Je pensais que cette doctrine admettait quelque doute, mais je me bornai à répondre :

« En admettant qu’il en soit ainsi, nous n’avons aucun droit de les torturer pour notre amusement.

— Je pense, répondit-elle, que l’amusement d’un enfant ne peut être mis en balance avec la vie d’une créature sans âme.

— Mais, pour le bien même de l’enfant, il ne faut pas l’encourager dans de tels amusements, répondis-je d’un ton aussi humble que possible, pour me faire pardonner ma fermeté inaccoutumée. Bienheureux les miséricordieux, ils obtiendront miséricorde.

— Oh ! c’est vrai ; mais cela se rapporte à notre conduite les uns envers les autres.

— L’homme miséricordieux est rempli de pitié pour la bête, osai-je ajouter.

— Il me semble que vous n’avez pas montré beaucoup de pitié, reprit-elle avec un rire sec et amer, en tuant ces pauvres bêtes d’un seul coup et d’une si choquante façon, et en faisant tant de peine à ce cher enfant pour un simple caprice. »

Je jugeai prudent de ne rien ajouter. C’était la première fois que j’arrivais aussi près d’une querelle avec mistress Bloomfield, et la première fois aussi que j’échangeais autant de paroles de suite avec elle depuis mon entrée dans sa maison.

Mais M. Robson et la vieille mistress Bloomfield n’étaient pas les seuls hôtes dont l’arrivée à Wellwood-House m’ennuyât ; tous visiteurs me causaient plus ou moins de trouble ; non pas tant parce qu’ils me négligeaient (quoique je trouvasse leur conduite étrange et désagréable sous ce rapport), que parce que je ne pouvais éloigner d’eux mes élèves, ainsi que l’on me le recommandait à chaque instant. Tom voulait leur parler, et Mary-Anne voulait être remarquée par eux. Ni l’un ni l’autre ne savaient ce que c’était que rougir, et n’avaient la moindre idée de la plus vulgaire modestie. Ils interrompaient bruyamment la conversation des visiteurs, les ennuyaient par les plus impertinentes questions, colletaient grossièrement les gentlemen, grimpaient sur leurs genoux sans y être invités, se pendaient à leurs épaules ou saccageaient leurs poches, froissaient les robes des ladies, dérangeaient leurs cheveux, tournaient leurs colliers et leur demandaient avec importunité leurs colifichets.

Mistress Bloomfield était choquée et contrariée de tout cela, mais ne faisait rien pour l’empêcher : elle se reposait sur moi de ce soin.
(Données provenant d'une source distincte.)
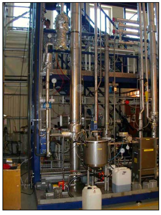
Figure 1 SINTEF Low Pressure Pilot Unit – Lower Half
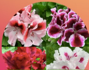
Martha Washington* Part Sun
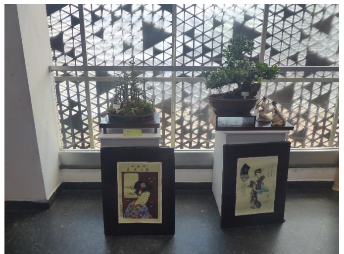
Bonsai exhibition by Bodhi the Chennai Bonsai Association

Mais comment l’aurais-je pu, quand les hôtes, avec leurs beaux habits et leurs faces nouvelles, les flattaient continuellement et les gâtaient pour plaire aux parents ? comment moi, avec mes habits communs, mon visage qu’ils voyaient tous les jours, et d’honnêtes paroles, aurais-je pu les éloigner des visiteurs ? J’usais toute mon énergie à cela : en m’efforçant de les amuser, je cherchais à les attirer auprès de moi ; au moyen du peu d’autorité que je possédais et par la sévérité que j’osais employer, j’essayais de les empêcher de tourmenter les étrangers, et, en leur reprochant leur conduite grossière, je voulais les en faire rougir et les empêcher de recommencer. Mais ils ne connaissaient pas la honte ; ils se moquaient de l’autorité qui ne pouvait s’appuyer sur la correction. Pour ce qui est de la bonté et de l’affection, ou ils n’avaient pas de cœur, ou, s’ils en avaient un, il était si fortement gardé, et si bien caché, qu’avec tous mes efforts je n’avais pas encore trouvé le moyen d’aller jusqu’à lui.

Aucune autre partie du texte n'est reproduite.